Required work - Under this line are records; the part from the line containing "TEACHERS WITHIN THE" through the line containing "PVC scraping unit" should be repeated exactly. Please exclude pictures.

BEGIN Dataset

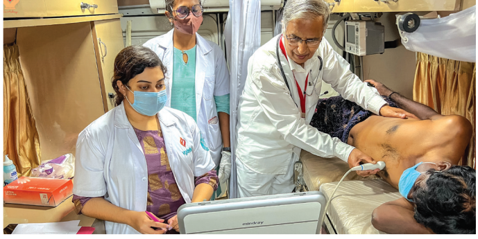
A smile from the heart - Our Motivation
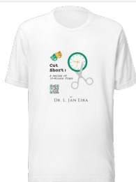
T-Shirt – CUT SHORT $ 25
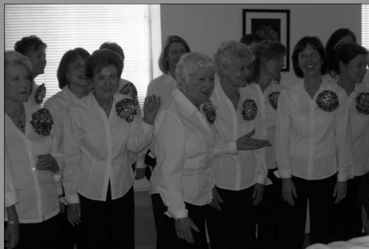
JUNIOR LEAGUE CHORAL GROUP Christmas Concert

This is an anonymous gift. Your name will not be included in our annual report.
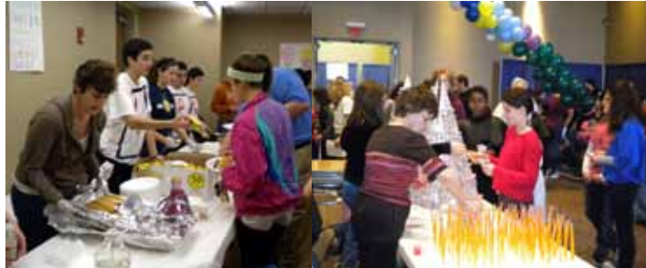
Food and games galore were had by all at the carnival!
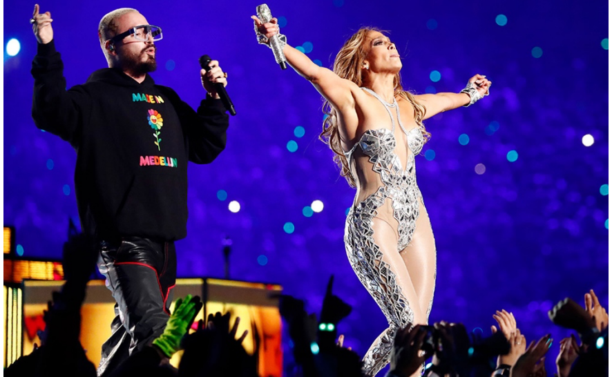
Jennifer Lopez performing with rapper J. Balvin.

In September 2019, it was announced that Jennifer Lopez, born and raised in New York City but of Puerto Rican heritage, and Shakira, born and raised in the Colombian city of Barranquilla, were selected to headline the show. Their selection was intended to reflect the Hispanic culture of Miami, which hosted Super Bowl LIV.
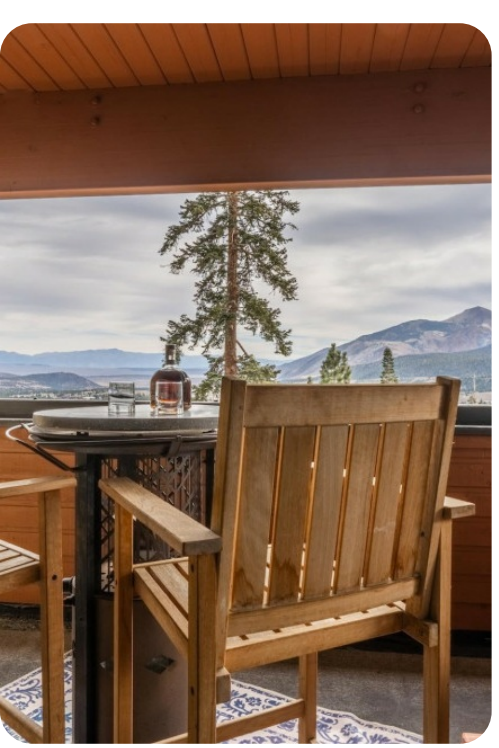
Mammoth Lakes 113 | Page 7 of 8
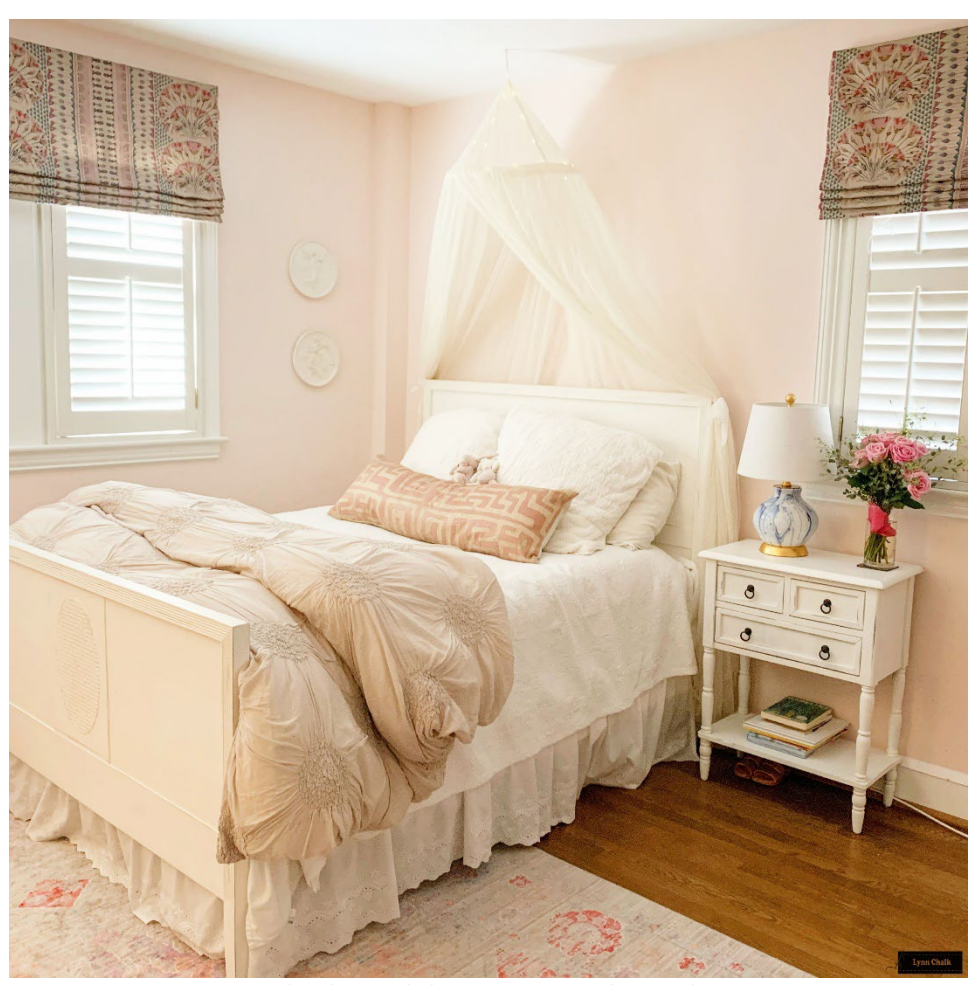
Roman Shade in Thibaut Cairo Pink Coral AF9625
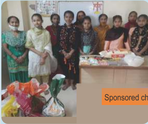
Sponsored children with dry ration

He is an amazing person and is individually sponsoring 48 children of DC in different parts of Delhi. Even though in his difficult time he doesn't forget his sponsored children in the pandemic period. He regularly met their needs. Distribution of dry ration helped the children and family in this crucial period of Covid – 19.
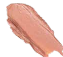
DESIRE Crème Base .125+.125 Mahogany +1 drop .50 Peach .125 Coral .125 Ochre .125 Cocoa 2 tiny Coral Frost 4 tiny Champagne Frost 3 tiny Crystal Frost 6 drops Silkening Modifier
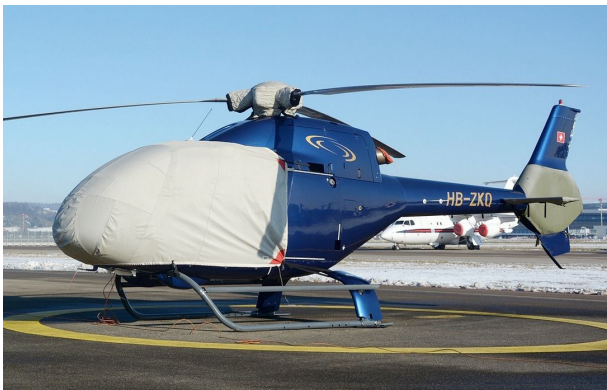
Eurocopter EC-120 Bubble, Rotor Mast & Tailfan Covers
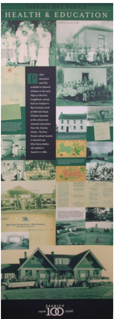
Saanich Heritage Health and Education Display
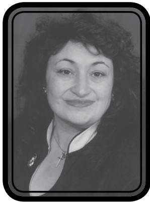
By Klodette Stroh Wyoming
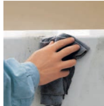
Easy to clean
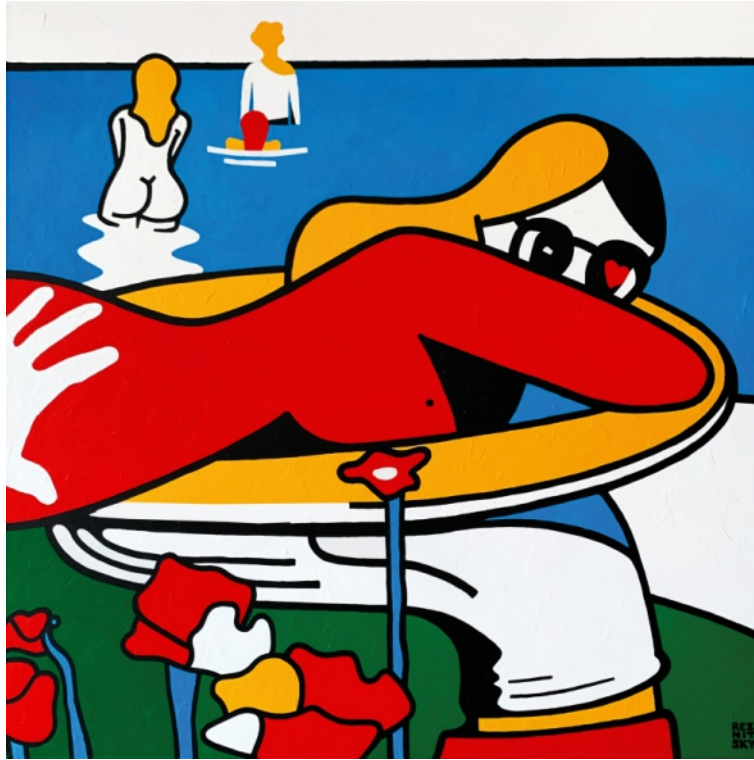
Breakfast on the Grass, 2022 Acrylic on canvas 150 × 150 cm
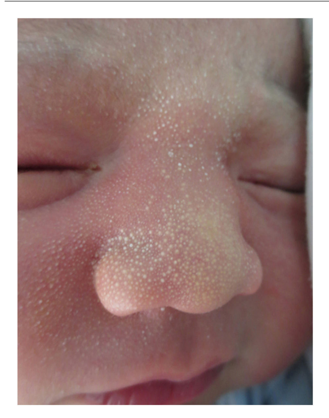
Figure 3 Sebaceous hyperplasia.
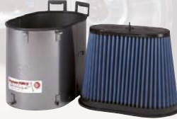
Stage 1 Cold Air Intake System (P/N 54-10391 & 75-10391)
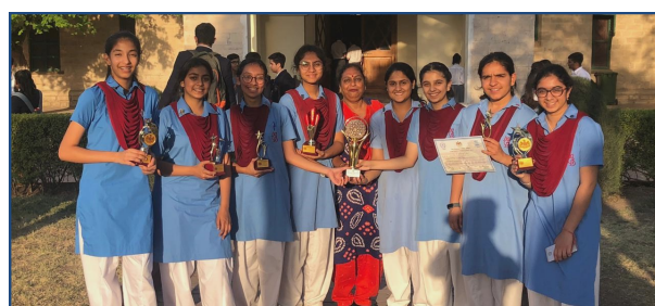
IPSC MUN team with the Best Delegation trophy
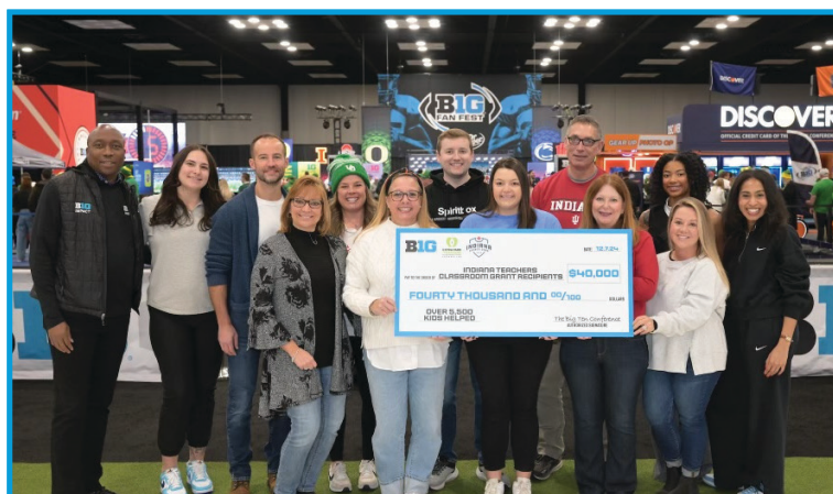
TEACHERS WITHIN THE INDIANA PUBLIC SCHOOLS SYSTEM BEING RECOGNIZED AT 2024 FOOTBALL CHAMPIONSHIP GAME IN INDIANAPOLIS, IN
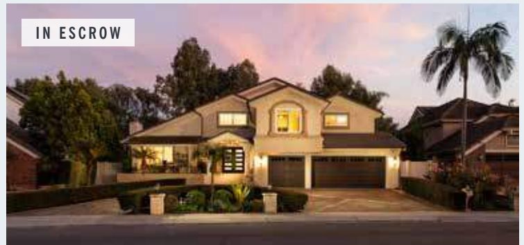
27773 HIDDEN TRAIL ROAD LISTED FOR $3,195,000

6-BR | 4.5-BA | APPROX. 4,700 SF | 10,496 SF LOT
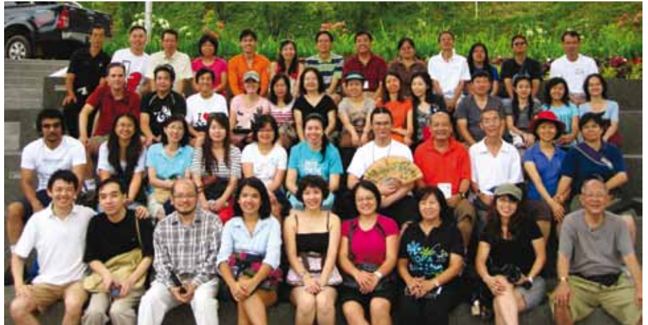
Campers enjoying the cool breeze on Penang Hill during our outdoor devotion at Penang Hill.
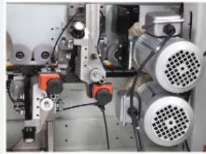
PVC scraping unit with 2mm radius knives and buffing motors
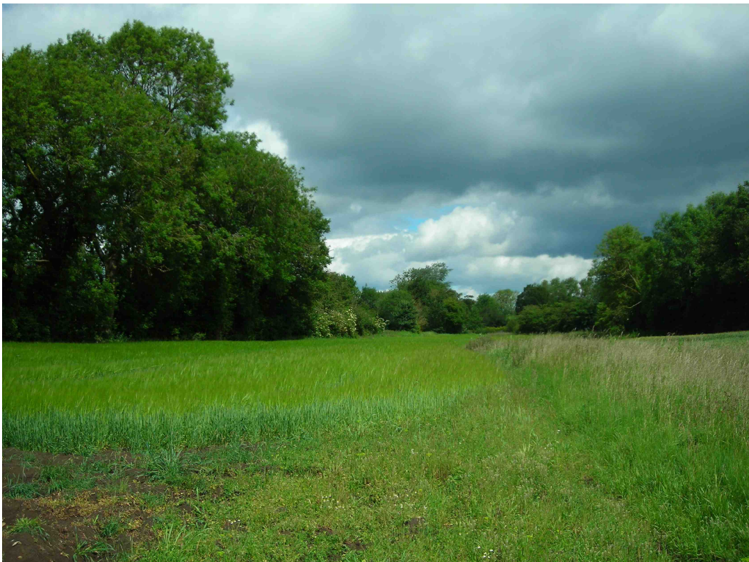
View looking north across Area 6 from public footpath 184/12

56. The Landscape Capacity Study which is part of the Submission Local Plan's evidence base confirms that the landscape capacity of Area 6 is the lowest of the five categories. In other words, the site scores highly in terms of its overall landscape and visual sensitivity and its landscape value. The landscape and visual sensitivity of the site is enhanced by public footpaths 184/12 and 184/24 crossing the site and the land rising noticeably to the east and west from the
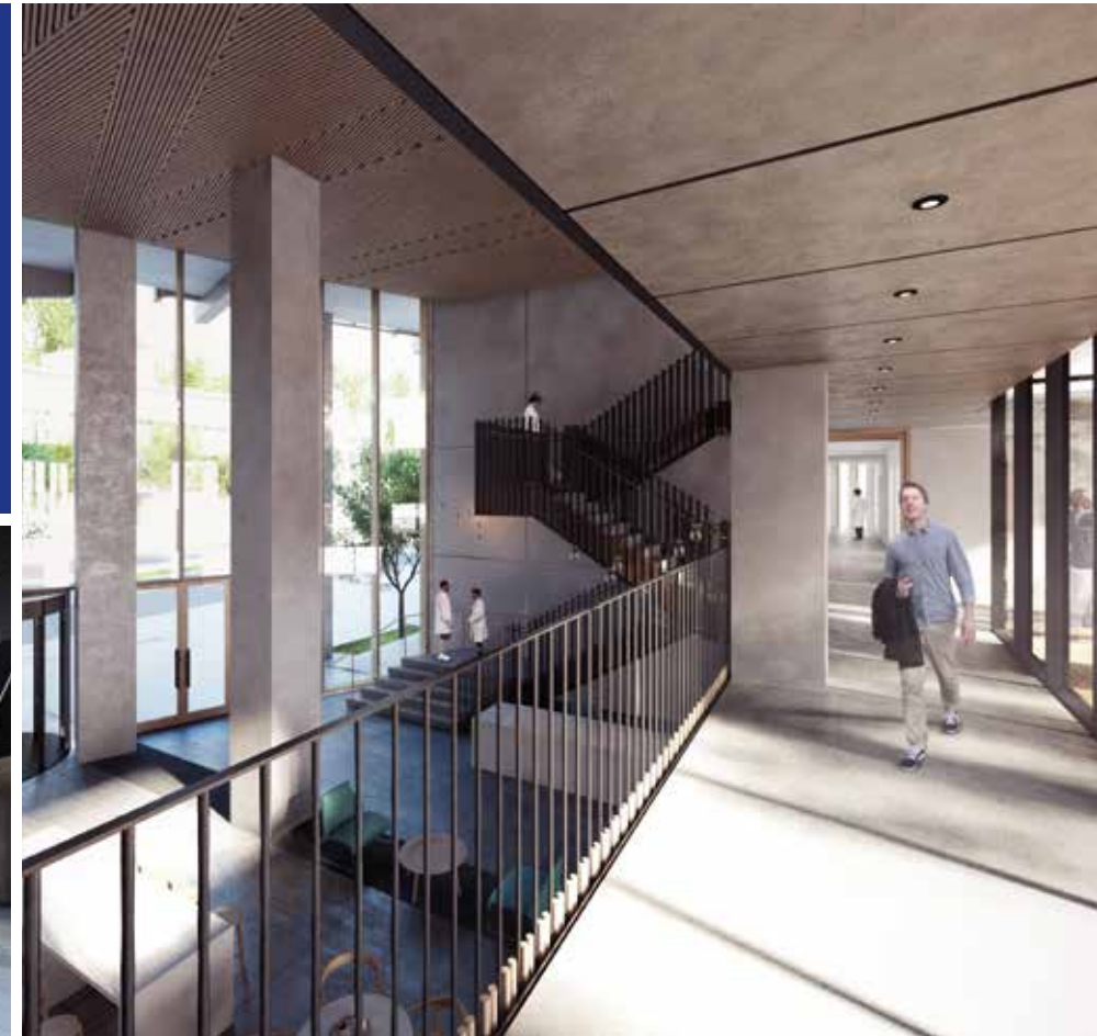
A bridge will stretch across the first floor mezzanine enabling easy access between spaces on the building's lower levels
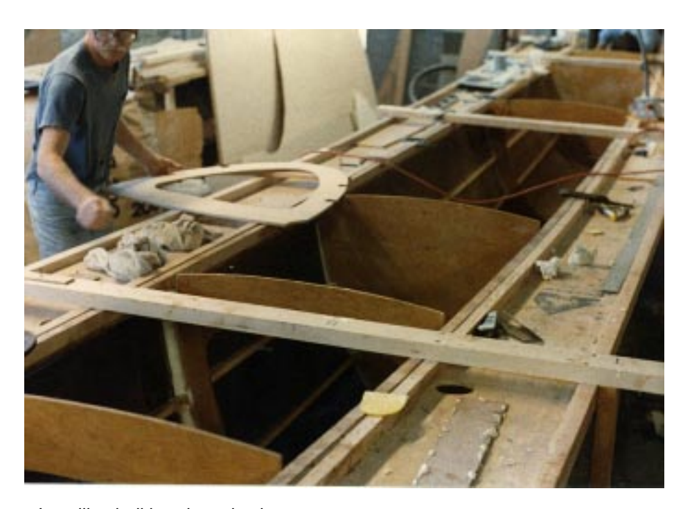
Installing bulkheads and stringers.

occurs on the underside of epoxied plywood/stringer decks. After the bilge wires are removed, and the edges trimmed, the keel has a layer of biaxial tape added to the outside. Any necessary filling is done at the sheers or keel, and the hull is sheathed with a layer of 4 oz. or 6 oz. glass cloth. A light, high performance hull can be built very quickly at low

END Dataset

Response box -
TEACHERS WITHIN THE INDIANA PUBLIC SCHOOLS SYSTEM BEING RECOGNIZED AT 2024 FOOTBALL CHAMPIONSHIP GAME IN INDIANAPOLIS, IN
27773 HIDDEN TRAIL ROAD LISTED FOR $3,195,000

6-BR | 4.5-BA | APPROX. 4,700 SF | 10,496 SF LOT
Campers enjoying the cool breeze on Penang Hill during our outdoor devotion at Penang Hill.
PVC scraping unit with 2mm radius knives and buffing motors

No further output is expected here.